TASK:
Return the lines below exactly, from the first line to the line that contains "Pieniny National Park". Leave out pictures.

• • • •

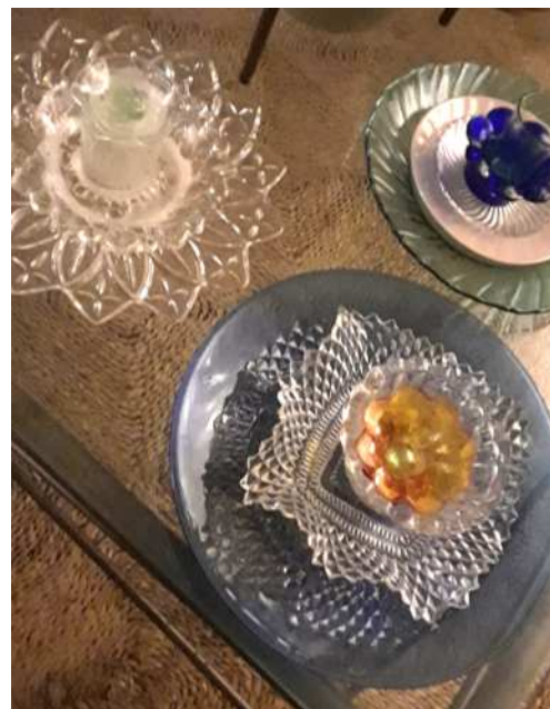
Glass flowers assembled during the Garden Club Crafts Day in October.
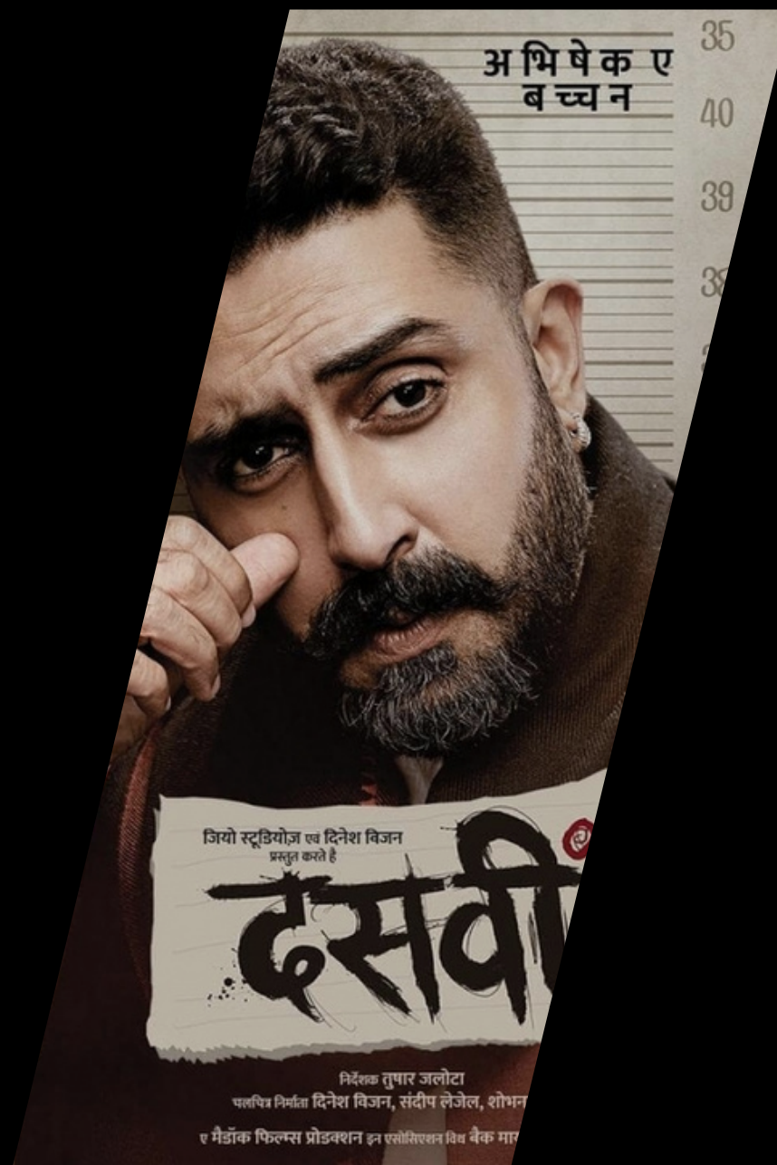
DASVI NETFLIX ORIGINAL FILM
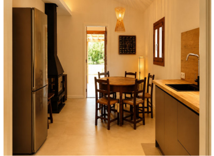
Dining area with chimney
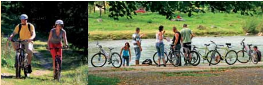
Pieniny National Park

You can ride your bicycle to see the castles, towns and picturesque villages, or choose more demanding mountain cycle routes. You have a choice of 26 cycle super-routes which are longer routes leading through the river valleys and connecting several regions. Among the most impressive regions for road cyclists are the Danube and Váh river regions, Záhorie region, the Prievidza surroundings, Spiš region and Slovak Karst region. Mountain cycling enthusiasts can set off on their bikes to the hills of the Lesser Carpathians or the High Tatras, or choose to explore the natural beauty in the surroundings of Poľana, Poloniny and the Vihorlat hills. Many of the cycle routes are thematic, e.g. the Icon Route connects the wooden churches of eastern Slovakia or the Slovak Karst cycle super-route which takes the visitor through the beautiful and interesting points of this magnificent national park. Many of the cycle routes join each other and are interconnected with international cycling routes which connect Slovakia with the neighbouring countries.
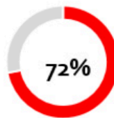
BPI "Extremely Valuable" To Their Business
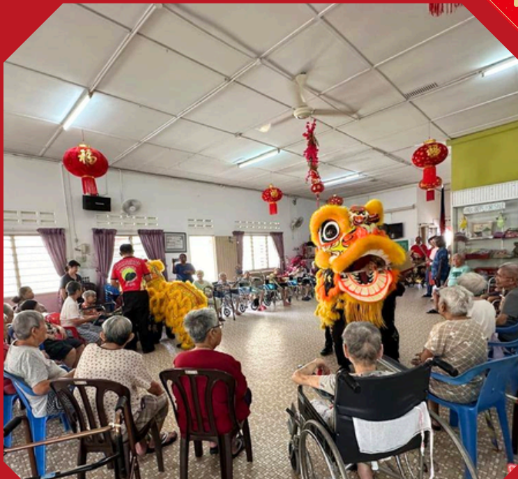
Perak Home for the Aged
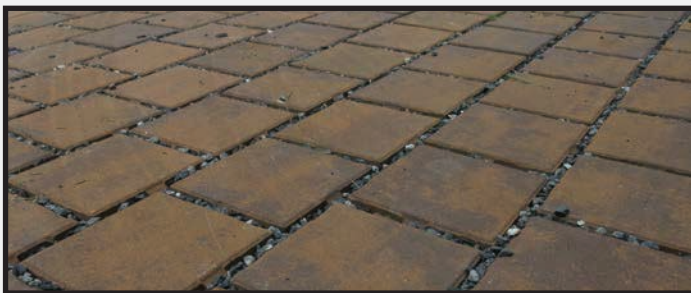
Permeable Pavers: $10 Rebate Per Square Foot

• • • •

EXERCISE OUTPUT:
Glass flowers assembled during the Garden Club Crafts Day in October.
DASVI NETFLIX ORIGINAL FILM
Dining area with chimney
Pieniny National Park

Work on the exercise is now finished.